> What to do
Beginning with the first line, transcribe the entries below exactly through the line containing "NEW MEXICO STATE", inclusive.

──────── Task input

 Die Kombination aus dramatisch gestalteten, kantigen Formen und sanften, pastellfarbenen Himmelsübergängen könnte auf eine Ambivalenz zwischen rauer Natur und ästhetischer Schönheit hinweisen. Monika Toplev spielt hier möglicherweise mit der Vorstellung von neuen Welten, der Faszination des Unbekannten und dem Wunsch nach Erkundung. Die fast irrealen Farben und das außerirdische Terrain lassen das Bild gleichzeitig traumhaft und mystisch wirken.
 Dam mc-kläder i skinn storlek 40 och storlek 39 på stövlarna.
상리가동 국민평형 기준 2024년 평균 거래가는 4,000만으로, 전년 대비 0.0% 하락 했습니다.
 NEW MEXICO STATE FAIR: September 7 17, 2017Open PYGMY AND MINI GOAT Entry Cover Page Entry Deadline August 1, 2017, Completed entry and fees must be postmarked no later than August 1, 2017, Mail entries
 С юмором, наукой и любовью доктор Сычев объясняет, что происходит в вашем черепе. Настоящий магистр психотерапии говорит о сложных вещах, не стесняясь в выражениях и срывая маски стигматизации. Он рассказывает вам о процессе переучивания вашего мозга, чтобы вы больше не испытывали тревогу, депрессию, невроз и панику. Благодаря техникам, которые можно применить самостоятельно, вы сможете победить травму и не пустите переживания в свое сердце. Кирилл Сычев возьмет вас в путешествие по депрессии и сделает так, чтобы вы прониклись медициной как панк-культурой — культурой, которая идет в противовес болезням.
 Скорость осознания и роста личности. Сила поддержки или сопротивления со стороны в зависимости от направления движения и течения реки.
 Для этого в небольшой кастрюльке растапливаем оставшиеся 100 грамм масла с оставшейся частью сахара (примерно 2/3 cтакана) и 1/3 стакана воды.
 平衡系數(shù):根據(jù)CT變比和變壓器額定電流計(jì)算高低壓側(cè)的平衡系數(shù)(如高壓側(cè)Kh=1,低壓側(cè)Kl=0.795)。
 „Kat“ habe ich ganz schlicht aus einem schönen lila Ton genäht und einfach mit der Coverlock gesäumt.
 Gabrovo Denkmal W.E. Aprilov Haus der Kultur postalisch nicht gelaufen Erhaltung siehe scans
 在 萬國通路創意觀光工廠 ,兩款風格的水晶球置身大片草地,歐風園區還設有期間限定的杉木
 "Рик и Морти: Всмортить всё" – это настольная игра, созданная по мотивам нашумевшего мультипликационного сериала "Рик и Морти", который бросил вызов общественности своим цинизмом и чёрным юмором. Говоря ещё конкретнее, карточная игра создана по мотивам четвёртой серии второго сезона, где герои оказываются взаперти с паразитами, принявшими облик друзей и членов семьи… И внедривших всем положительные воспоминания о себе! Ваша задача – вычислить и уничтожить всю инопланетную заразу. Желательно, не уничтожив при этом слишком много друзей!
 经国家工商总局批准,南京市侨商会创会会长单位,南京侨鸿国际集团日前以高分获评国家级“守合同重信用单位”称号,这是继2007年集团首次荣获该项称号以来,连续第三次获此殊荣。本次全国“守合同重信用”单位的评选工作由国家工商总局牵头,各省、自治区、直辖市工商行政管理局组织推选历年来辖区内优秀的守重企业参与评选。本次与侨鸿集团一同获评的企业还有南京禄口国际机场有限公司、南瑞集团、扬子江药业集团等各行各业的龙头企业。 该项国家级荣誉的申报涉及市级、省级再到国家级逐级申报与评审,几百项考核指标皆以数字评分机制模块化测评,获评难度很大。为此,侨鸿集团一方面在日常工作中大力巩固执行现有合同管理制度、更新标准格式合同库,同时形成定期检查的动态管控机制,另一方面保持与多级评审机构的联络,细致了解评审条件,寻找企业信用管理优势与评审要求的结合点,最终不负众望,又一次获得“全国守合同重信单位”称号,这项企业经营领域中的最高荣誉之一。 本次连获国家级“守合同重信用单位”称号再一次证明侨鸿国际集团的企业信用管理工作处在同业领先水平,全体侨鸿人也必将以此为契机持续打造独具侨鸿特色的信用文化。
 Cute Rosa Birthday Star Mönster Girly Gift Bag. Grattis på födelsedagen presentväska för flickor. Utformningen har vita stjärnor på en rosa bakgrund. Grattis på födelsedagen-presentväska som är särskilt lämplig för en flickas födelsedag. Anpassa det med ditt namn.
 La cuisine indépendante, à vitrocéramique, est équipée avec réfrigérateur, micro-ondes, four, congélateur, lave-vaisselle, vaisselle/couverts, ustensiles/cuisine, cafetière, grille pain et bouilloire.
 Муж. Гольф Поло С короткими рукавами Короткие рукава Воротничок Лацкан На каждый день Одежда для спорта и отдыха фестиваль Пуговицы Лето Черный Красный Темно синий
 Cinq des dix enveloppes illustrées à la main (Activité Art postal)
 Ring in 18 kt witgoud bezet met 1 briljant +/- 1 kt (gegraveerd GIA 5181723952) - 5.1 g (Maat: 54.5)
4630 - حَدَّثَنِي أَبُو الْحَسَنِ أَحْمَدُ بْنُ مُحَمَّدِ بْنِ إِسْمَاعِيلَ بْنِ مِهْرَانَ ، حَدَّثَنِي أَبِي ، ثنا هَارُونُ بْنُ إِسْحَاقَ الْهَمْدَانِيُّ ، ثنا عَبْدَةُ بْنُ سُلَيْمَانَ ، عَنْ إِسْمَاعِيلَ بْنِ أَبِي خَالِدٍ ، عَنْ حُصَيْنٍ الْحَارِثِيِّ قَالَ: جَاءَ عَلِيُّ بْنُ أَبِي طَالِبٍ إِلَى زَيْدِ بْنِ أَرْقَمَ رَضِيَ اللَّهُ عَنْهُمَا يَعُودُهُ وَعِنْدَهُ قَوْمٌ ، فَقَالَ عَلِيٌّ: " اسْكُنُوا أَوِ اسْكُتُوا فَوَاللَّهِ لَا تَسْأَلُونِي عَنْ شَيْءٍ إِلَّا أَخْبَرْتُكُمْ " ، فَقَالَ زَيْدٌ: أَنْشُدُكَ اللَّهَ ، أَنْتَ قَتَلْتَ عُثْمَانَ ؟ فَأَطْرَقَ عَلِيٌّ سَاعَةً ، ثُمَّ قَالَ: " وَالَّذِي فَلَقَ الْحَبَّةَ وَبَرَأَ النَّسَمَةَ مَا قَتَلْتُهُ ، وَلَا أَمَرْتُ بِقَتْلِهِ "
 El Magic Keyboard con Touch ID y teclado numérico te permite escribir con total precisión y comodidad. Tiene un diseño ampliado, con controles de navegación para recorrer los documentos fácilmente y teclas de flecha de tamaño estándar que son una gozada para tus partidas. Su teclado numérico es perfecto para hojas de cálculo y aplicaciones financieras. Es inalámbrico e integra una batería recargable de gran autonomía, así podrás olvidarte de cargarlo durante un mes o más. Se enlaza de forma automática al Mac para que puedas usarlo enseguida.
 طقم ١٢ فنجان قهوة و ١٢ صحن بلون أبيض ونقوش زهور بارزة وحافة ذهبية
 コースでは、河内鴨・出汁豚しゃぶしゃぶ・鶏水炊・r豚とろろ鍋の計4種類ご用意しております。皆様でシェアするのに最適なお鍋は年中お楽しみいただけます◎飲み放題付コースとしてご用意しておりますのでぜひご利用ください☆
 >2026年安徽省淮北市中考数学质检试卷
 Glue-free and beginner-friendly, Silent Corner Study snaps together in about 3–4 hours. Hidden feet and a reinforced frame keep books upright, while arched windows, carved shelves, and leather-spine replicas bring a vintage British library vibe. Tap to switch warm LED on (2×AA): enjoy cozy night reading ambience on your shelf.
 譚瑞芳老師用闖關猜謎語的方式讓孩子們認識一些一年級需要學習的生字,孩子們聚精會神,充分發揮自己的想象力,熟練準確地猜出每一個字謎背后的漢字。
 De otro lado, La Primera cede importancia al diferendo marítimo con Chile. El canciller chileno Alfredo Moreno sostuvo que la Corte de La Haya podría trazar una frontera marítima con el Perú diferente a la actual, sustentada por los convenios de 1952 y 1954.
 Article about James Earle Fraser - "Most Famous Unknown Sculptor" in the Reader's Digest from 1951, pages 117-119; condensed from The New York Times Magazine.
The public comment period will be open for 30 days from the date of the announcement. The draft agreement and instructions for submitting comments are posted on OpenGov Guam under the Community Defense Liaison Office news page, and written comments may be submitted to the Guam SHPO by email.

────────────────

> Finished exercise
 Die Kombination aus dramatisch gestalteten, kantigen Formen und sanften, pastellfarbenen Himmelsübergängen könnte auf eine Ambivalenz zwischen rauer Natur und ästhetischer Schönheit hinweisen. Monika Toplev spielt hier möglicherweise mit der Vorstellung von neuen Welten, der Faszination des Unbekannten und dem Wunsch nach Erkundung. Die fast irrealen Farben und das außerirdische Terrain lassen das Bild gleichzeitig traumhaft und mystisch wirken.
 Dam mc-kläder i skinn storlek 40 och storlek 39 på stövlarna.
상리가동 국민평형 기준 2024년 평균 거래가는 4,000만으로, 전년 대비 0.0% 하락 했습니다.
 NEW MEXICO STATE FAIR: September 7 17, 2017Open PYGMY AND MINI GOAT Entry Cover Page Entry Deadline August 1, 2017, Completed entry and fees must be postmarked no later than August 1, 2017, Mail entries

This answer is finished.